The earliest pictures in Picasso’s Drawings, 1890-1921 (Yale Univ., $60) were done by a nine-year-old boy. The thirty years this volume covers mark the artist’s formative years, showing him determined to master his craft, and the initial pieces lead to work reflecting Picasso’s absorption of the Old Masters, artists from whom he was willing to learn even as he experimented to improve his style and execution. As the book’s editors, Susan Grace Galassi and Mary McCully point out, Picasso was able to borrow from his predecessors, improve on them, and forge something entirely his own. That is why his work continues to amaze us.
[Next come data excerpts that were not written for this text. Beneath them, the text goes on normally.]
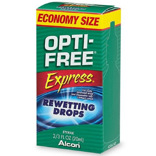Product Description Opti-Free® Express® Rewetting Drops moistens your lenses and helps to remove particulate material that may cause irritation and/or discomfort. 0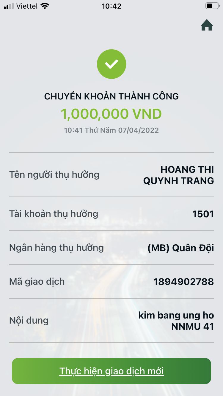 Chị Nguyễn Thị Thu Huệ ủng hộ cho NNMU số 41 số tiền 1,000,000đ. Letuantu đã nhận và chuyển vào tài khoản thủ quỹ.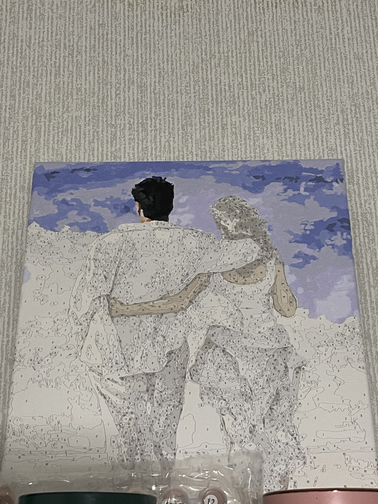 Пока в процессе закрашивания картины. По моему цвета немного другие, нежели которые представлены здесь и отличаются от того, что нарисовано на упаковке.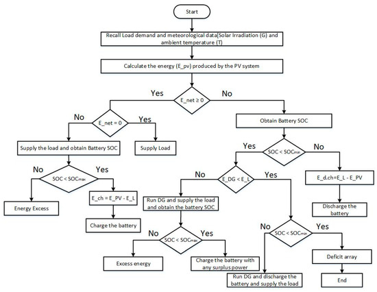 Equation (7) shows that the condition of charging the battery is not considered if the extra generated energy is enough to charge the battery or may exceed its maximum capacity. To overcome this disadvantage, there is necessary feedback to ensure that the proposed algorithm considers all the battery conditions. Similarly, at the right side of the algorithm, while checking the battery discharging process, there is no feedback to show when the battery is already fully discharged and when the diesel generator is needed to be operated to satisfy the demand of the system. Furthermore, the algorithm does not consider the value of LLP. Moreover, the optimum size of energy sources such as the PV array and the diesel generator has not been considered, nor has the storage system capacity. Besides, there is no use of the surplus power that has been generated from the PV array only or the diesel generator. The new algorithm covers all those disadvantages besides the economic analysis of the system.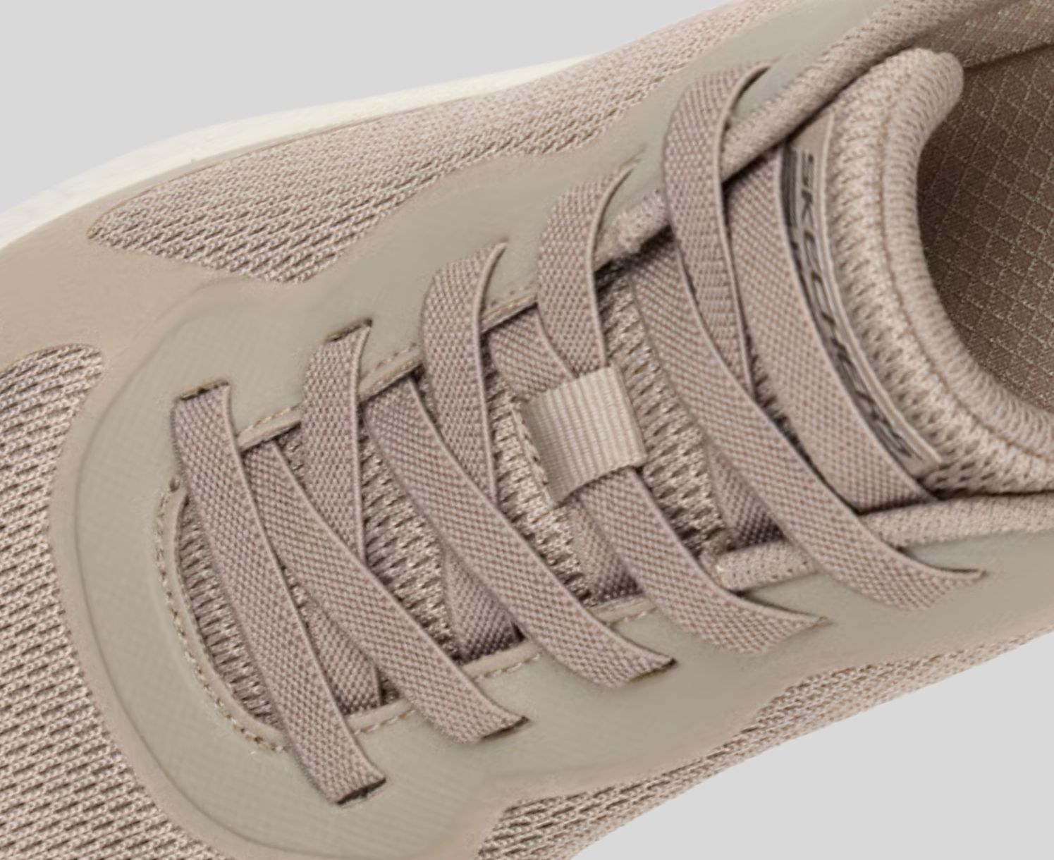 Tied-off decorative laces and an easy slip-on design. Laces never come untied.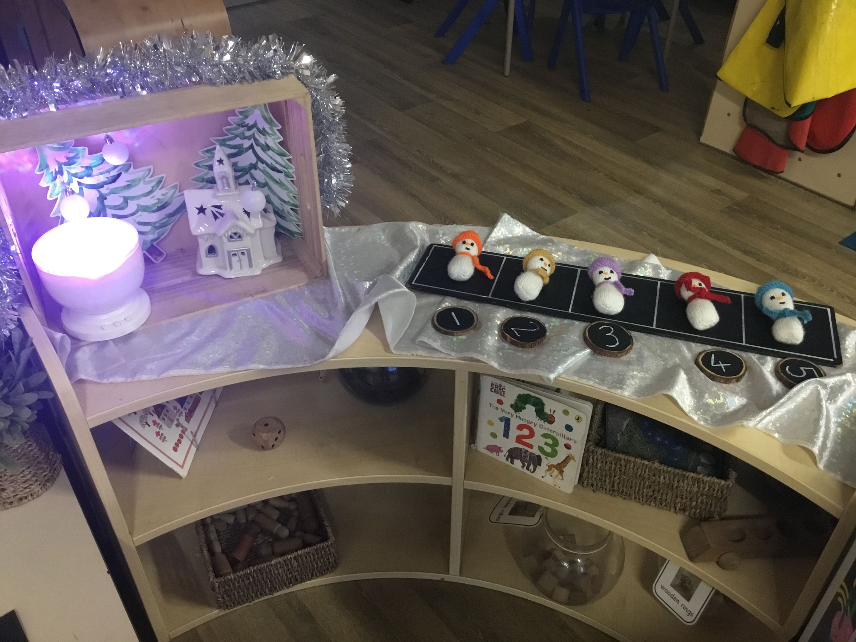 We use number rhymes to support the children's understanding of numbers. This week the children studied 'Five Little Snowmen.' We dressed as snowmen, explored numbers to five using the five frame and enjoyed singing the rhyme. In our Maths area, the children continue to explore the rhyme and develop their understanding of numbers to 5!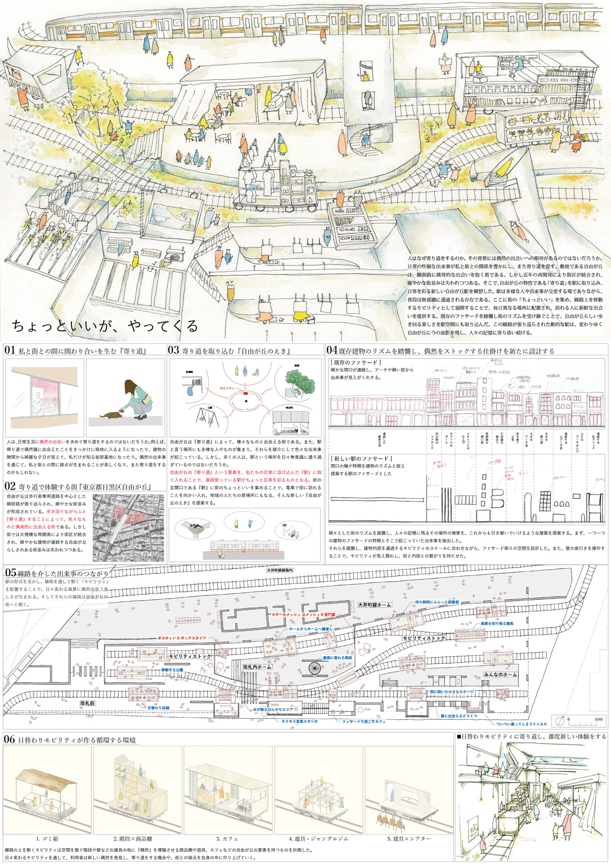 人はなぜ寄り道をするのか。その背景には偶然の出会いへの期待があるのではないだろうか。日常の些細な出来事が私と街との関係を豊かにし、また寄り道を促す。敷地である自由が丘は、細街路に偶発的な出会いを抱く街である。しかし近年の再開発により街区が統合され、細やかな街並みは失われつつある。そこで、自由が丘の特性である「寄り道」を駅に取り込み、日常を彩る新しい自由が丘駅を構想した。駅は多様な人や出来事が交差する場でありながら、普段は無意識に通過される存在である。ここに街の「ちょっといい」を集め、線路上を移動するモビリティとして展開することで、毎日異なる場所に配置され、訪れる人に新鮮な出会いを提供する。既存のファサードを踏襲し街のリズムを受け継ぐことで、自由が丘らしい歩き回る楽しさを駅空間にも取り込んだ。この線路が張り巡らされた動的な駅は、変わりゆく自由が丘に今の面影を残し、人々の記憶に寄り添い続ける。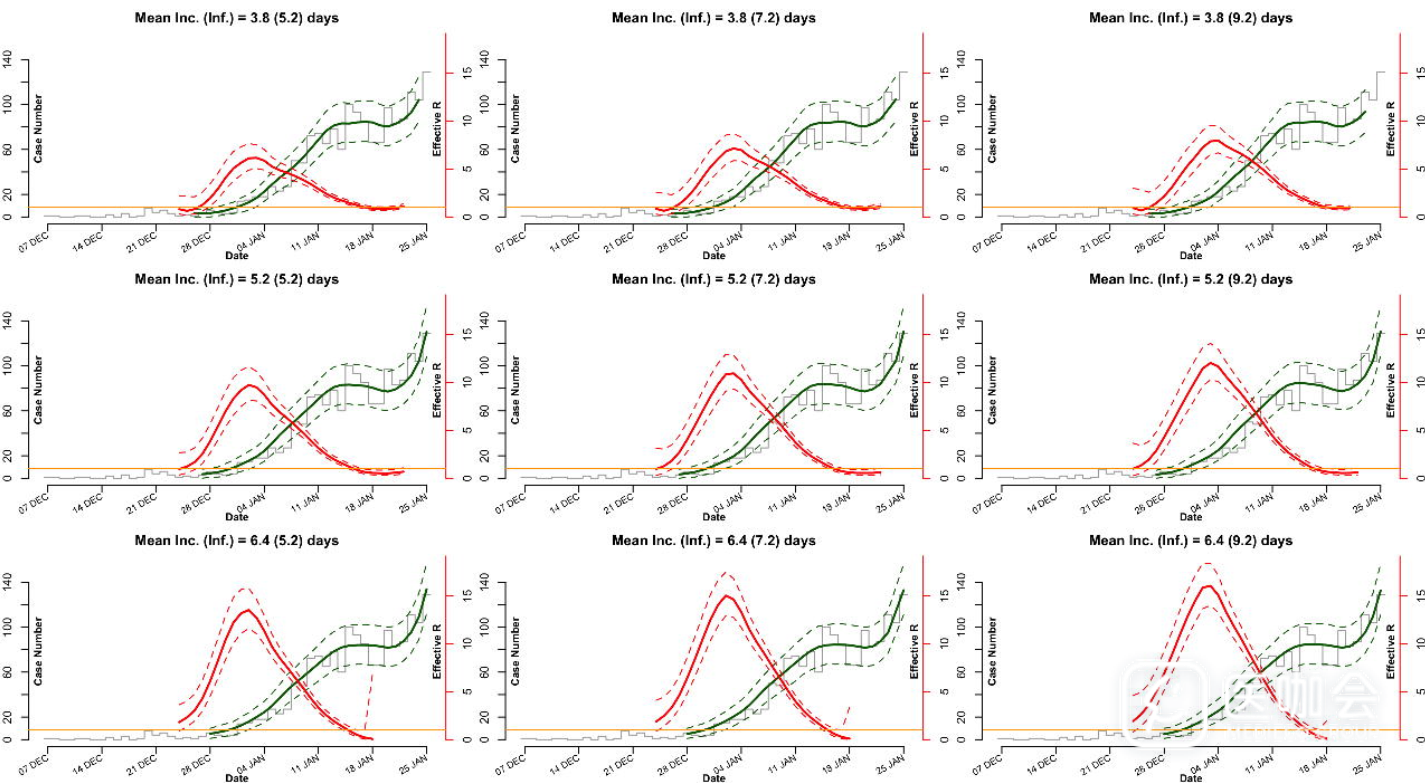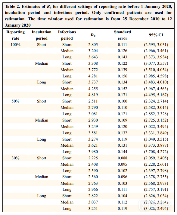 如果时间窗口从2019年12月25日至2020年1月12日移至2019年12月28日至2020年1月15日,根据确诊患者,R0估计值降至3.00(95% CI:2.81-3.20),根据所有患者的资料,R0估计值降至3.28(95% CI:3.14-3.43)。
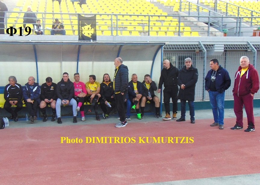 Φ19 Ο εκλέκτορας της ομάδος βετεράνων της ΑΕΚ Τάκης Καραγκιοζόπουλος, σχολιάζει τα δρώμενα του αγωνα με τους Ζωγράφο, Μ.Κώτη, Η.Κυριακίδη, Α.Θεοδωρόπουλο, Δ. Χιώτη, Κοπιτσή Γ. Νεστορίδη, Ι.Μαγγίνα και Σ. Πορφυρη που κάθονται στον πάγκο. Ορθιοι οι Σ. Μπούγλας, Σ. Σταματής, Χ. Ζαρωτιάδης και Π. Παπαθεοδωρου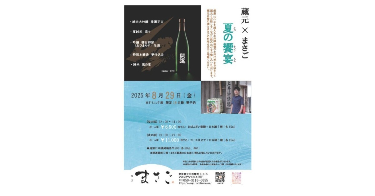創業150年を超える土井酒造場の土井代表をお招きして蔵元とお話をしながら飲み比べをお愉しみいただけます。蔵元自慢の酒とまさごの料理をぜひご堪能ください。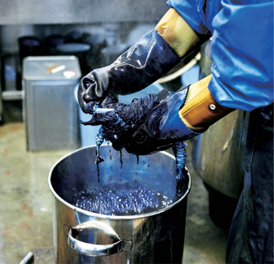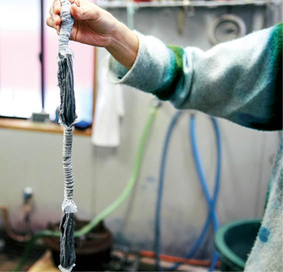 染料が入り込まないように、固く絞っている。職人の頭のなかには、このときすでに完成形がイメージできている。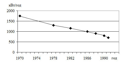 Однако следует отметить и тенденцию устойчивого повышения энергетической эффективности холодильного оборудования. Так, например, домашний холодильник объемом 570 л в 1972 г. в среднем потреблял 1750 кВт/год, а к 1993 г. его энергопотребление составляло уже 700 кВт/год, т. е. снизилось на 60%. По другим данным, энергопотребление европейских холодильников к середине 1990-х гг. по сравнению с моделями 1977 г. снизилось на 52-65%, а у морозильников на 46%. Для примера на рис. 10.11 приведено снижение энергопотребления бытовым холодильником в течение последних лет [3]. В работе [3] отмечается, что в соответствии с новыми стандартами, энергопотребление бытовых холодильных приборов снизится еще больше и будет равно энергопотреблению 60 ваттной лампы. Энергоэффективность кондиционеров с 1975 г. до 1995 г. повысилась на 35 % [3]. Энергопотребление агрегатированных холодильных машин (чиллеров) с 1978 г. по 1998 г. снизилось на 33% [3]. Такое улучшение энергоэффективности связано, прежде всего, с усовершенствованием ряда деталей холодильных машин. Однако основной причиной такого повышения энергоэффективности холодильного оборудования является вводимые правительствами стандарты и рыночная конкуренция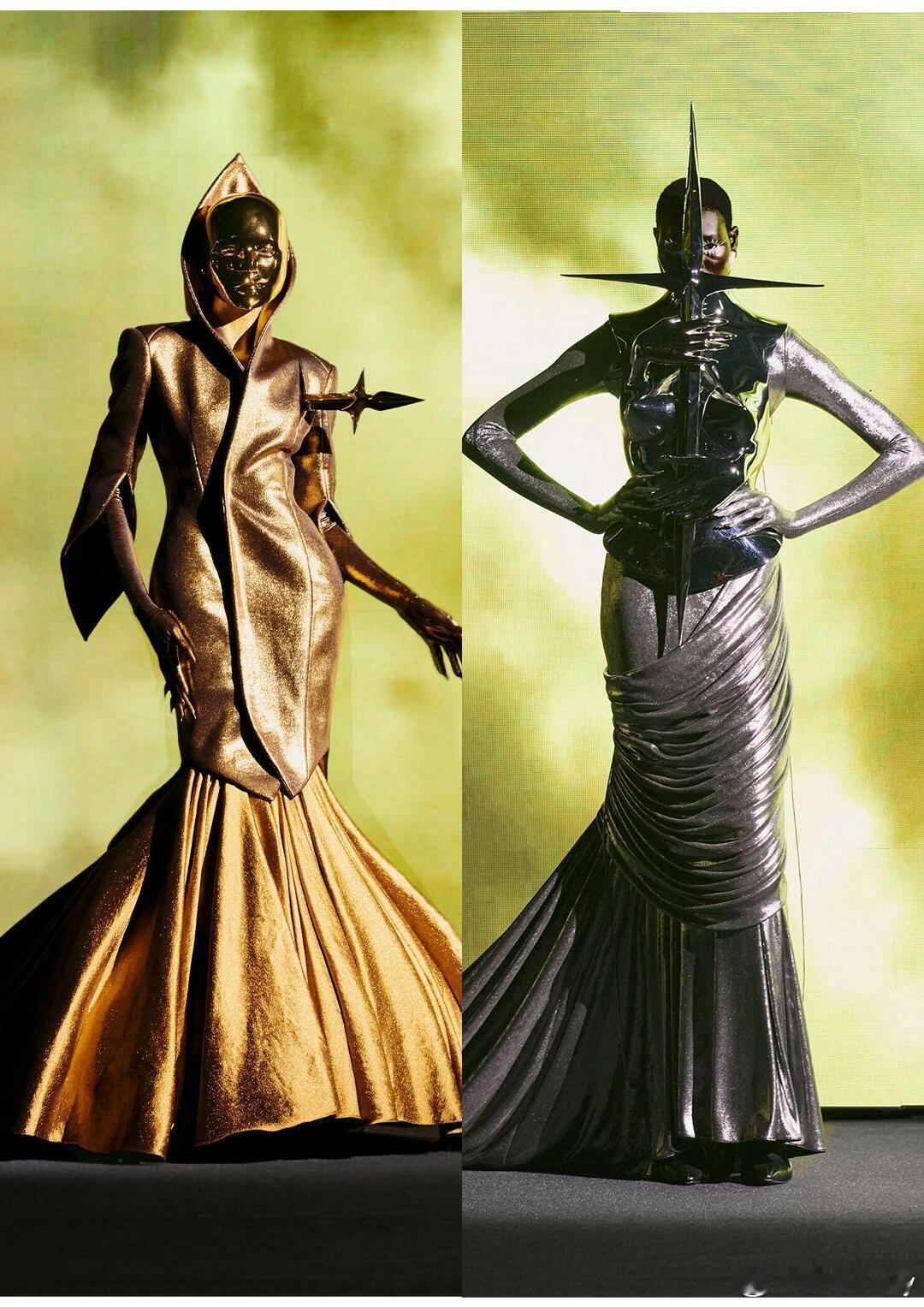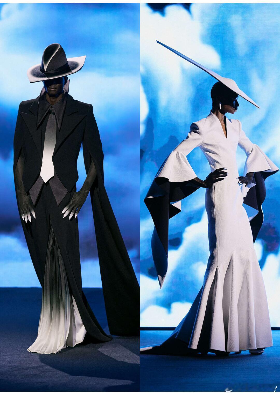 巴黎高定时装周 |大秀直击 RobertWun26春夏高定,巴黎丽都的雷暴光影里,一场以「勇气」为内核的暗黑美学盛宴震撼上演!中国香港设计师云惟俊以三幕剧铺展创作心路,将香港台风记忆、创作挣扎揉进可穿戴的时装诗篇,让高定超越物质,成为写给所有创作者的赞歌。「图书馆」的黑白廓形溯初心,镜像对称消解性别界限,波利罗圆弧肩与紧身胸衣碰撞出极致结构力量;「奢侈」的水晶面具抹去个体,躯干化作珠宝架,隐喻浮华背后的身份消解;「勇气」终章直接封神,40公斤玻璃微珠圆裙重若信仰,银色铠甲配长剑的女战士破幕而出,是对抗质疑的精神呐喊,夸张尖肩与拖曳裙摆交织,将坚毅与脆弱的矛盾张力拉满。撕裂感面料撞液态金属、薄纱缠羽毛,十万颗水晶铺就星空裙,手工刺绣与珠饰镶嵌藏尽匠心;水晶面罩、怪诞手镯勾勒科幻未来感,雷暴色亮片压轴裙在闪电光影里绽放磅礴。黑白主调缀暗红与哑光金属,延续品牌标志性暗黑戏剧风格,回归早期「狂野」创作的同时,以女性赋权为底,让每一寸剪裁都诉说着「创意人皆是战士」的宣言。这不仅是高定,更是一场用工艺与叙事写就的,关于坚守与热爱的勇气颂歌!

The Steins Collect: Matisse, Picasso, and the Parisian Avant-Garde - Janet C. Bishop

And it’s why Picasso was “discovered” by the Steins. A wealthy family, they had the money to travel and buy art. Gertrude and Leo Stein began to collect almost as soon as they arrived in Paris in 1904; they bought their first Picasso in 1905. The Steins Collect (Yale Univ., $75), edited by a team of art historians, beautifully presents the works by Picasso, Matisse, and others that the Steins gathered in their legendary collections, and it also explores the relationships between the patrons and the artists. With text as substantial as the images, this catalog deepens knowledge and hence appreciation of all the work that went on in the early 20th-century art world, that of both the producers and the consumers.

Seeing Gertrude Stein: Five Stories - Wanda M. Corn, Tirza True Latimer

Gertrude, of course, is the most famous of the Steins. She set out to reinvent the English language and was the formidable center of a wide-ranging artistic circle.  Poets, novelists, painters, and others flocked to the Stein salon at 27 rue de Fleurus to meet and mingle. In Seeing Gertrude Stein: Five Stories (Univ. of California, $45), Wanda M. Corn and Tirza True Latimer introduce Stein in her several public and private guises.